╭─ SOURCE MATERIAL

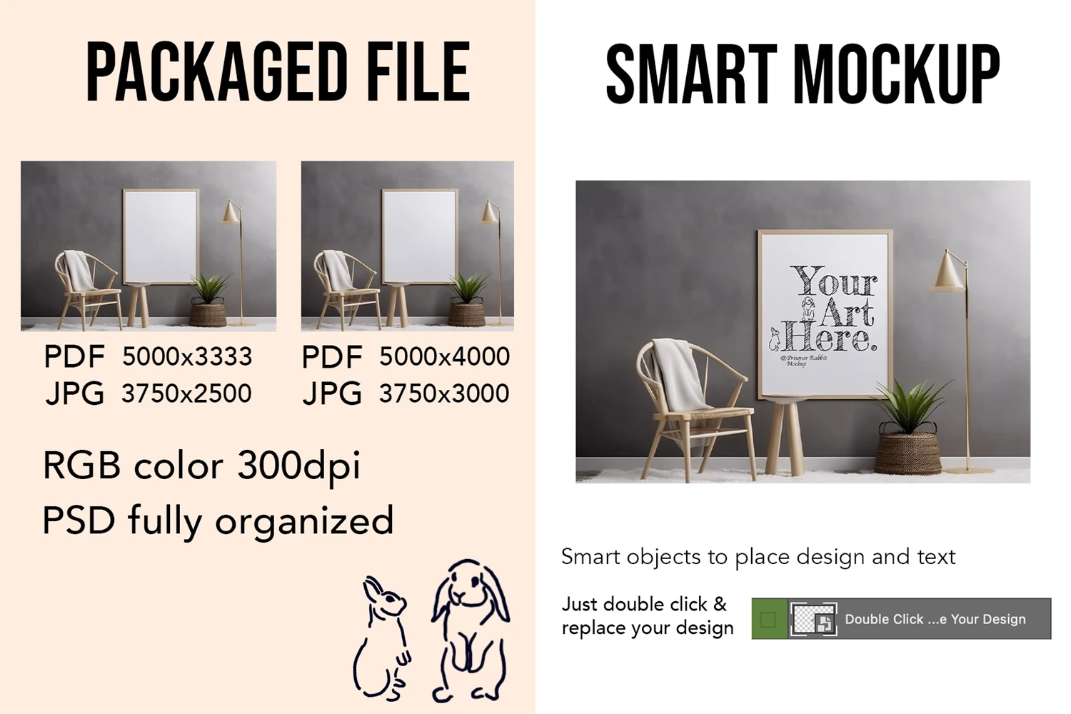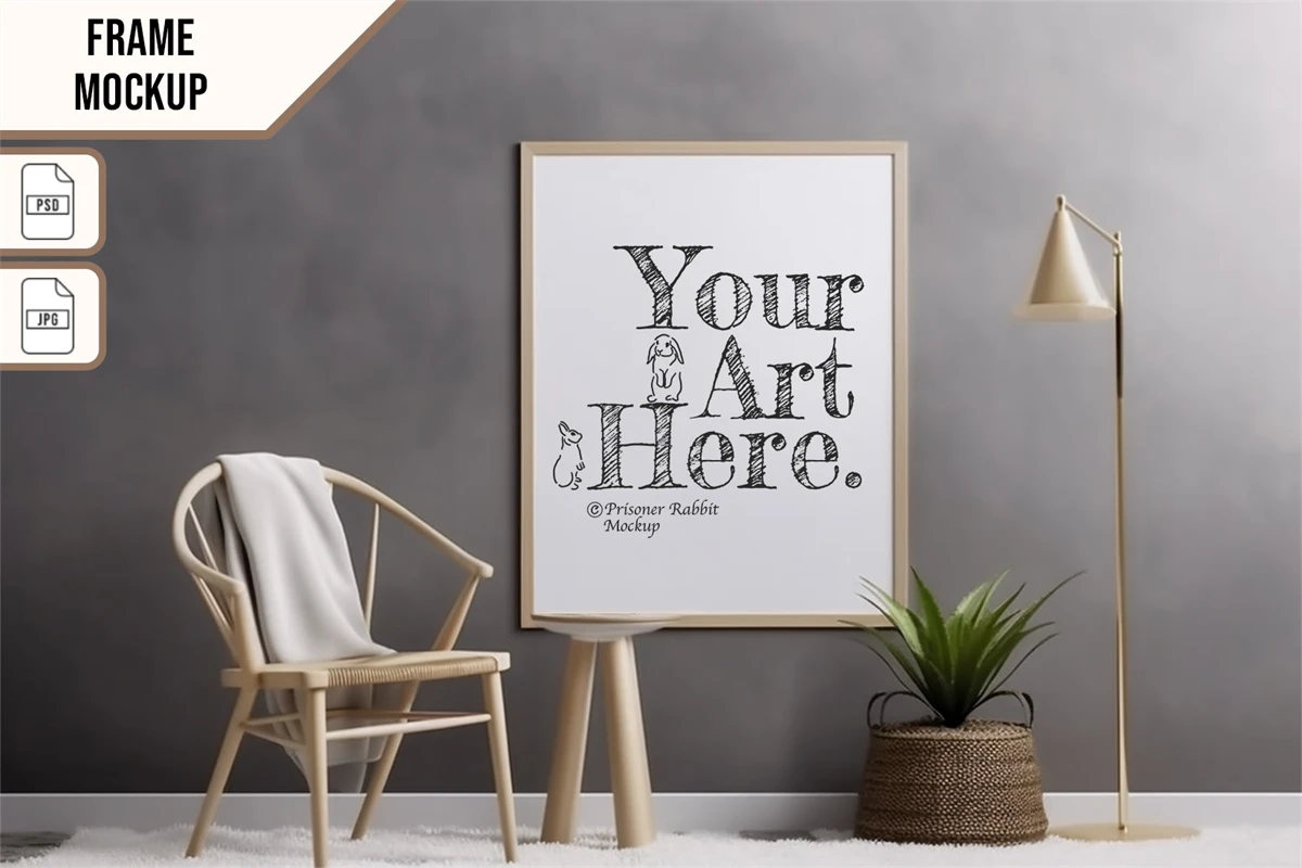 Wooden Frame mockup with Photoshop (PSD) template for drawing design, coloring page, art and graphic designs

╰─
╭─ SOURCE MATERIAL

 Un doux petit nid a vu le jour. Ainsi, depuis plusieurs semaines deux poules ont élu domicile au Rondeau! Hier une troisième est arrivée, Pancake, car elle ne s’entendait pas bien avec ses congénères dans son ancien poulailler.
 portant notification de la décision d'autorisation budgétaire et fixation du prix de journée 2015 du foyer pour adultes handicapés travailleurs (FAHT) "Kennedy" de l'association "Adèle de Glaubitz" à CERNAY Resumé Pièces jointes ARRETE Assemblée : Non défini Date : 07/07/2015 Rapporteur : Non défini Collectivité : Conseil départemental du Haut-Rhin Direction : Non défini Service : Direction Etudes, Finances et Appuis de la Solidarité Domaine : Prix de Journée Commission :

╰─
╭─ SOURCE MATERIAL

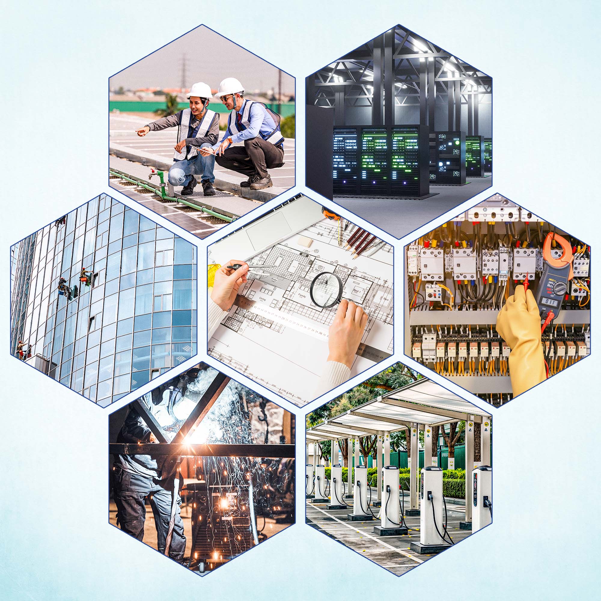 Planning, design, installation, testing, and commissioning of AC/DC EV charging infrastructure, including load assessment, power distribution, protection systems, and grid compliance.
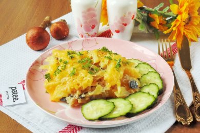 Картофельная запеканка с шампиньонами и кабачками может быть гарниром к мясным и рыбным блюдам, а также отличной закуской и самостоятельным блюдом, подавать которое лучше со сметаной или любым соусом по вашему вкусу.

╰─

TASK REQUIREMENTS:
Every line above between the one containing "Planning, design, installation, testing, and" and the one containing "Картофельная запеканка с", those two included, is to be printed exactly. No pictures go into the copy.

SOLUTION FOR THIS EXERCISE:
 Planning, design, installation, testing, and commissioning of AC/DC EV charging infrastructure, including load assessment, power distribution, protection systems, and grid compliance.
 Картофельная запеканка с шампиньонами и кабачками может быть гарниром к мясным и рыбным блюдам, а также отличной закуской и самостоятельным блюдом, подавать которое лучше со сметаной или любым соусом по вашему вкусу.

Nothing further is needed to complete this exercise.